# Build a pipeline for continuous model training

## Objectives

The following steps cover this process:

1. Acquire and prepare dataset in BigQuery.
2. Create and upload a custom training package. When executed, it reads data from the dataset and trains the model.
3. Build a Vertex AI Pipeline. This pipeline executes the custom training package, uploads the model to the Vertex AI Model Registry, runs the evaluation job, and sends an email notification.
4. Manually run the pipeline.
5. Create a Cloud Function with an Eventarc trigger that runs the pipeline whenever new data is inserted into the BigQuery dataset.

In [1]:
! python3 -c "from google.cloud import aiplatform; print('aiplatform SDK version: {}'.format(aiplatform.__version__))"
! python3 -c "from google.cloud import bigquery; print('bigquery SDK version: {}'.format(bigquery.__version__))"
! python3 -c "import kfp; print('KFP SDK version: {}'.format(kfp.__version__))"
! python3 -c "import google_cloud_pipeline_components; print('google_cloud_pipeline_components version: {}'.format(google_cloud_pipeline_components.__version__))"
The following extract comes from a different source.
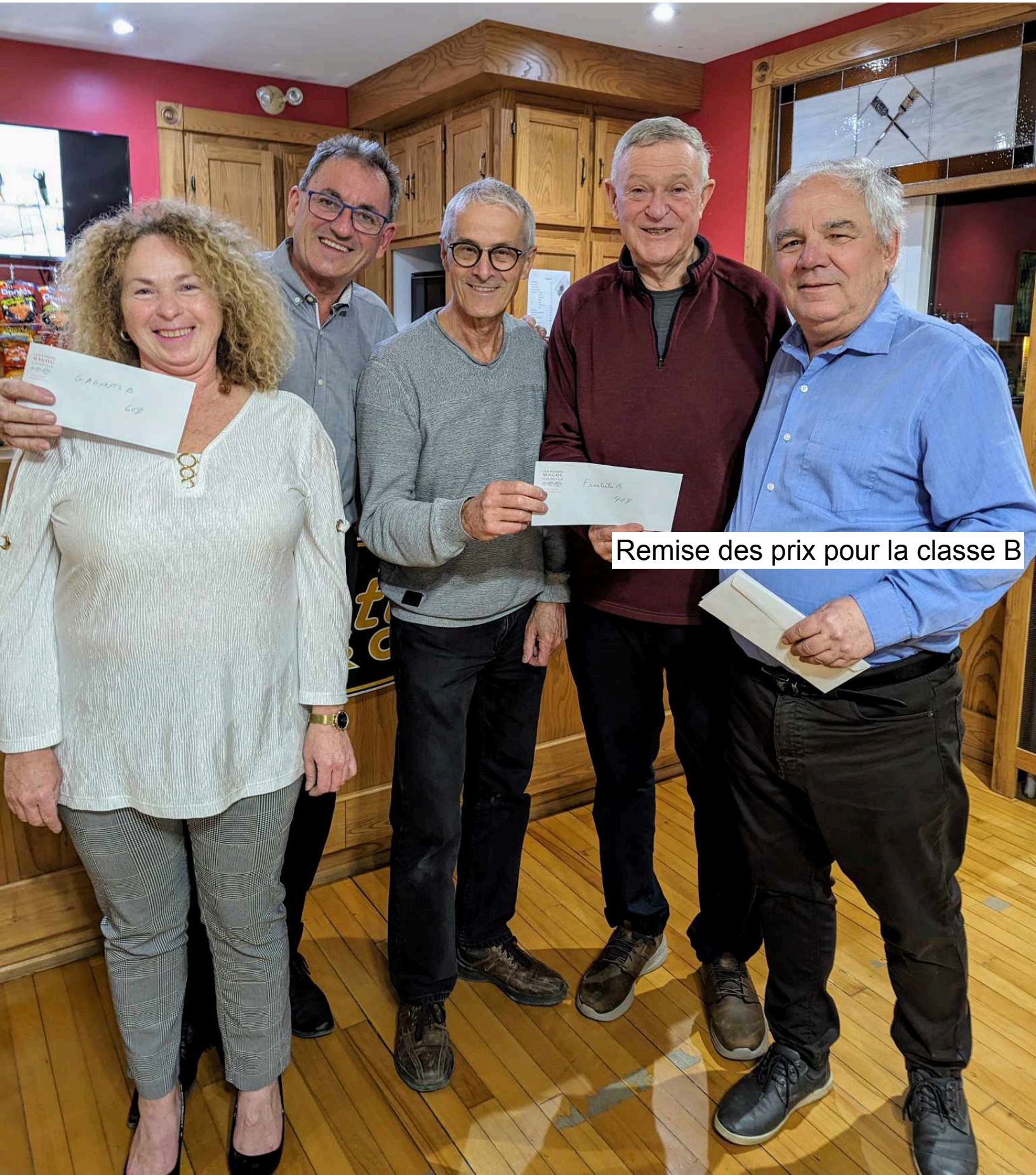
Remise des prix pour la classe B

aiplatform SDK version: 1.71.0
bigquery SDK version: 3.25.0
KFP SDK version: 2.7.0
google_cloud_pipeline_components version: 2.17.0


In [3]:
VERSION = "v2"

In [4]:
from google.cloud import aiplatform
from google.cloud import bigquery
from google.cloud import storage

from pprint import pprint
# from time import time
import time

print(f'aiplatform SDK version: {aiplatform.__version__}')
print(f'bigquery SDK version: {bigquery.__version__}')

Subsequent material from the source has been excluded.